*PROBLEM TO WORK ON*:
Would you copy, word for word, each line from the one with "Melanie name in" to the end of the listing below, skipping all pictures?

*INPUT DATA*:
• • • • •
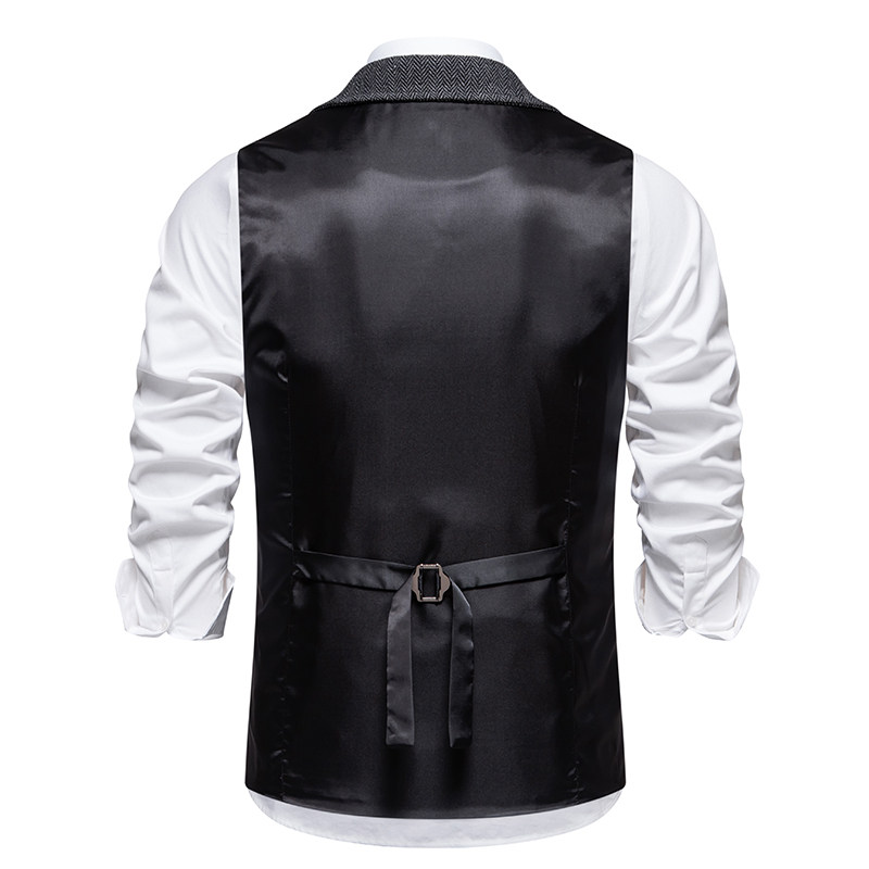 英伦复古休闲绅士毛呢西装马甲男咔叽风拼接呢子外套大码猎装马夹
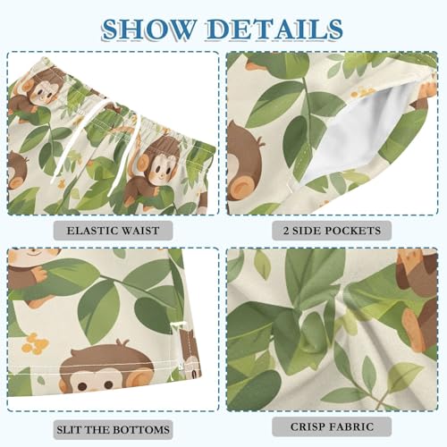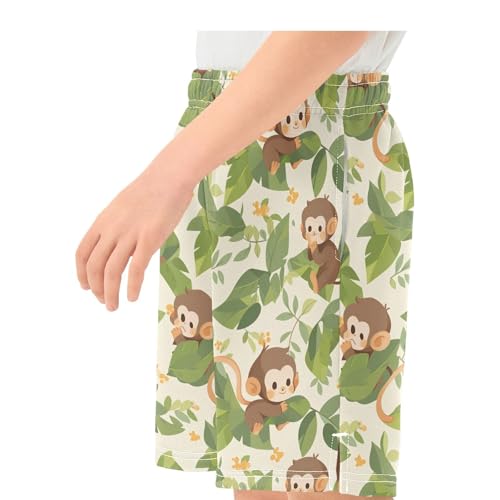 Boys Athletic Shorts with Pockets Cute Monkey Running Basketball Shorts for Youth Elastic Waist Size 7-8
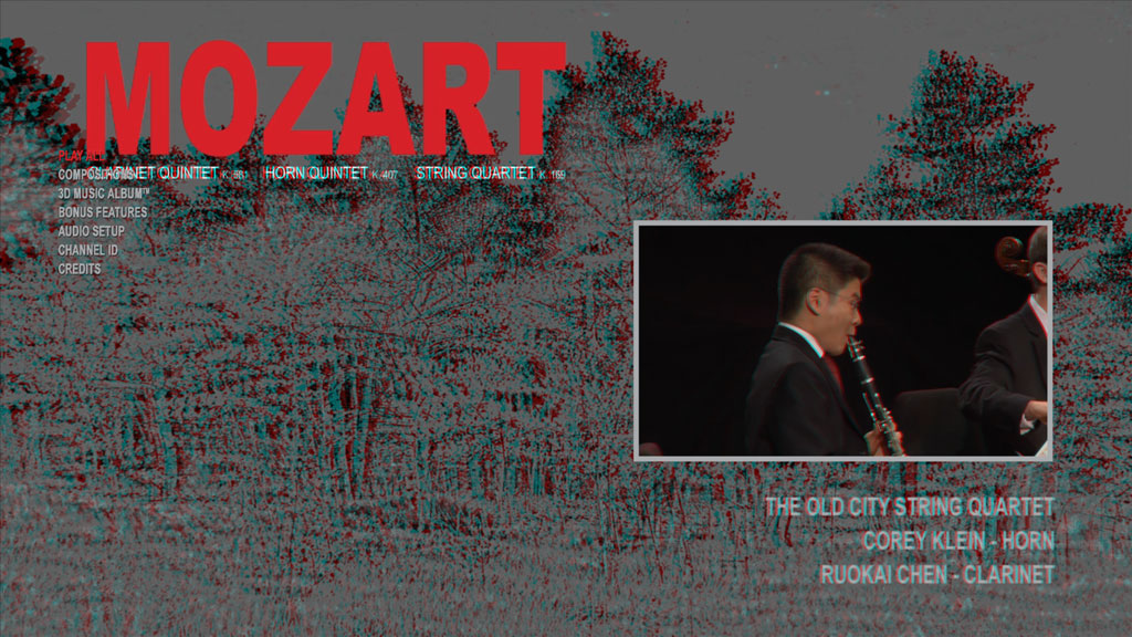 AIX Records于2010年6月摄制的3D音乐专辑™之一,由2010年费肖夫室内乐比赛(Fischoff Chamber Music Competition)冠军 — 老城弦乐四重奏演奏。这个年轻的乐团由费城著名的柯蒂斯音乐学院的应届学生组成 - 在柯蒂斯音乐学院全额奖学金学习。他们的青春与活力在这部开创性的3D作品中被精彩捕捉。这是最早的经典蓝光3D项目之一。四重奏的成员包括同班同学、单簧管手陈若凯和圆号手科里·克莱因。他们参与了著名的单簧管五重奏和圆号五重奏的演奏。
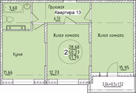 Продается 2-х комн. новостройка, 51.79 кв.м., 12/19 эт
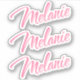 Melanie name in pretty pink decorative cursive font lettering. Three copies.
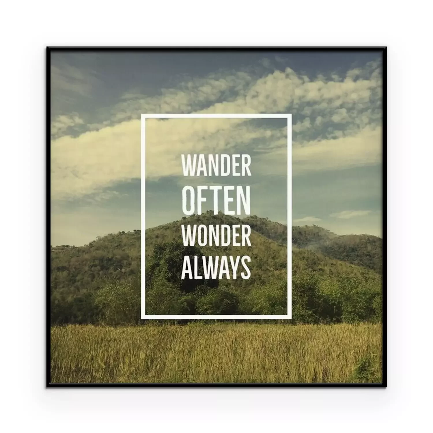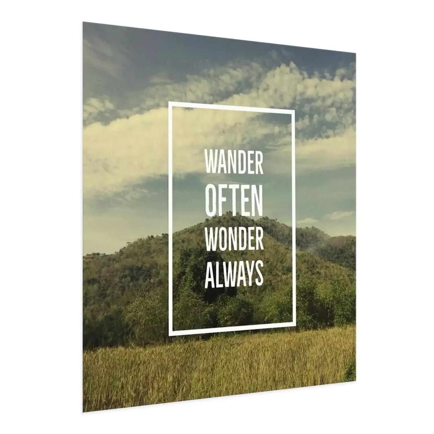 Poster Inspirerend motiverend citaat "vaak dwalen, vroeg altijd af" op bergachtergrond.
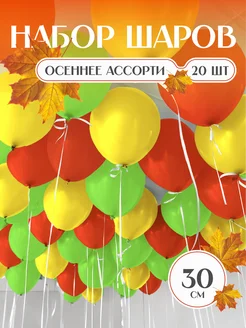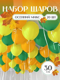 Шары воздушные желтые оранжевые зеленые осенние 20 шт
• • • • •
*SOLUTION TO THE EXERCISE*:
 Melanie name in pretty pink decorative cursive font lettering. Three copies.
 Poster Inspirerend motiverend citaat "vaak dwalen, vroeg altijd af" op bergachtergrond.
 Шары воздушные желтые оранжевые зеленые осенние 20 шт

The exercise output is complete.